At first, even Clinton seemed wary of U.S. involvement in any military action to unseat Gaddafi. “When I met with French President Nicolas Sarkozy, he urged the United States to support international military intervention to stop Qaddafi’s advance toward the rebel stronghold of Benghazi in eastern Libya,” she recalled. “I was sympathetic but not convinced.” Clinton noted, “The United States had spent the previous decade bogged down in long and difficult wars in Iraq and Afghanistan.”

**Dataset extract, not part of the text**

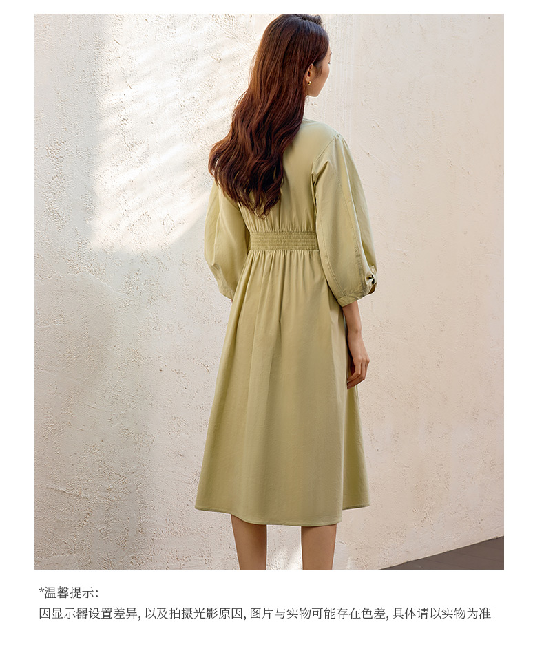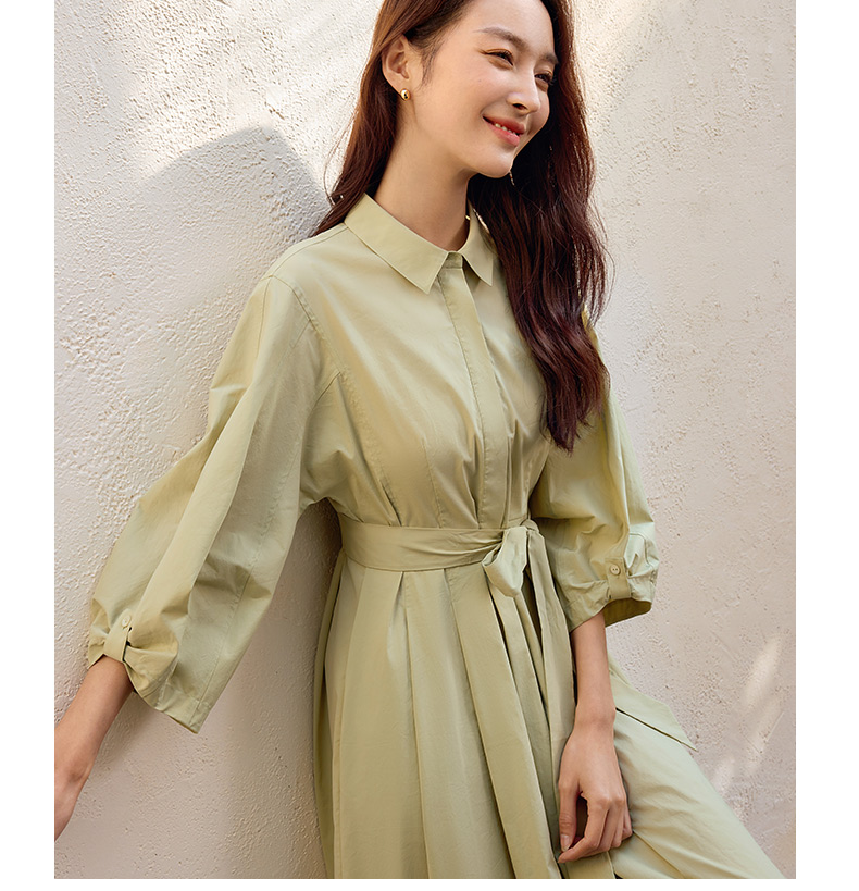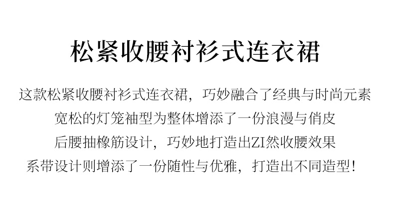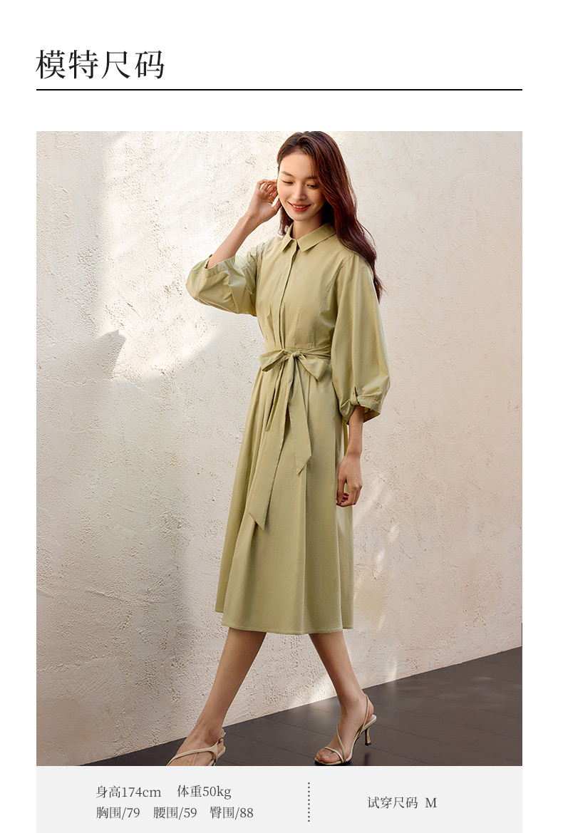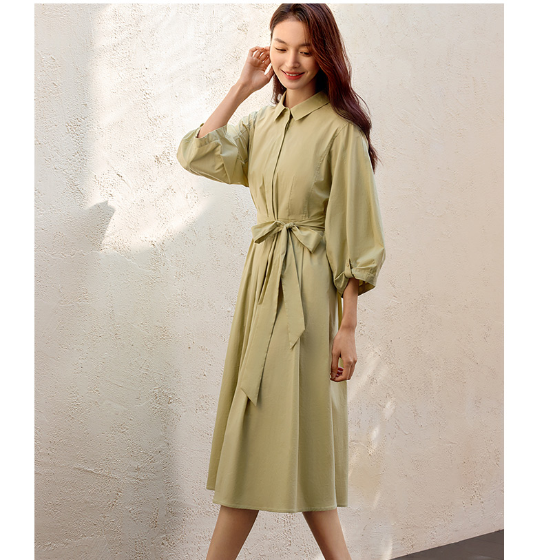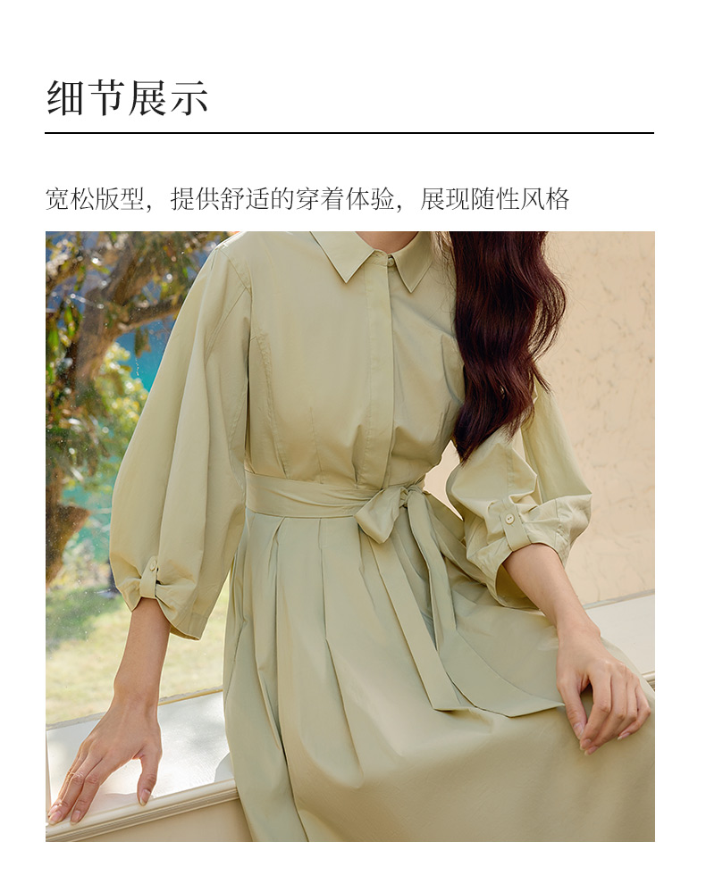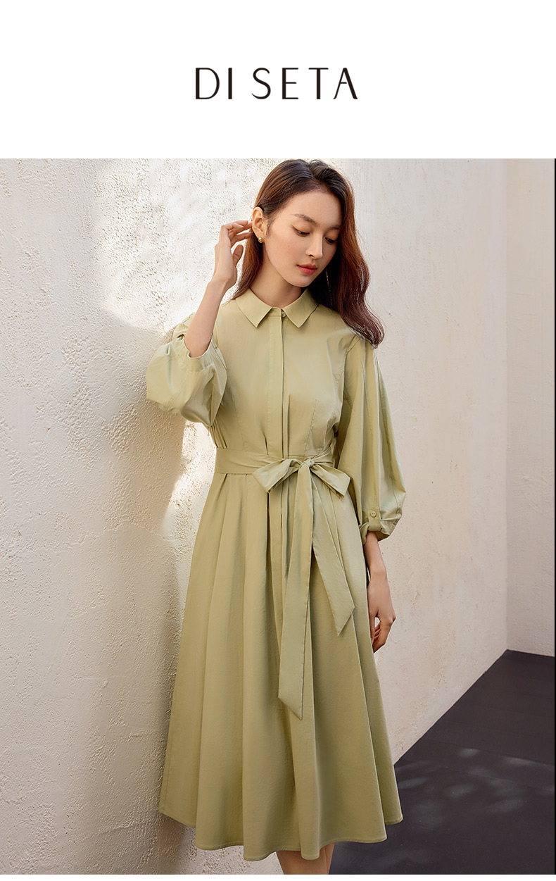玳莎系带收腰衬衫式连衣裙2025春季新款通勤显瘦高级中长款裙子 FA35301

In testimony before Congress, Clinton not only stressed the need for “international authorization” before Washington embarked on such a venture, she cited a key reason for her wariness: “Too often, other countries were quick to demand action but then looked to America to shoulder all the burdens and take all the risks.” Her comment was an unsubtle swipe at NATO’s European members.
Members of the Arab League, who had long loathed the volatile Gaddafi, were also pressing for international intervention. The League included such close U.S. security partners as Saudi Arabia, Qatar, and the United Arab Emirates. But Clinton noted that at a meeting of the G‑8 economic powers, “the Europeans were even more gung ho. I got an earful about military intervention from Sarkozy.”
Similar pro-intervention lobbying from Britain impressed her even more. “When I saw British Foreign Secretary William Hague at dinner that night, he pressed the case for action.” And if Hague thought war in Libya was necessary, “that counted for a lot.” In Clinton’s opinion, Hague was a prudent pragmatist, not an impulsive crusader or inclined to engage in international grandstanding.
Gates also emphasized the impact our allies had. Arab League lobbying “and strong British and French pressure for NATO to act, I think, together persuaded the president that the United States would need to take the lead” in organizing “a military campaign to stop Qaddafi.”
Following the March G‑8 summit, Clinton reported to President Barack Obama that “our NATO allies are prepared to take the lead in any military action.” That approach corresponded perfectly to the White House’s preferences. Clinton stressed that Obama “wanted to keep U.S. involvement limited, so our allies would have to shoulder much of the burden and fly most of the sorties” that would be necessary to enforce a no-fly zone and eliminate Gaddafi’s air defenses.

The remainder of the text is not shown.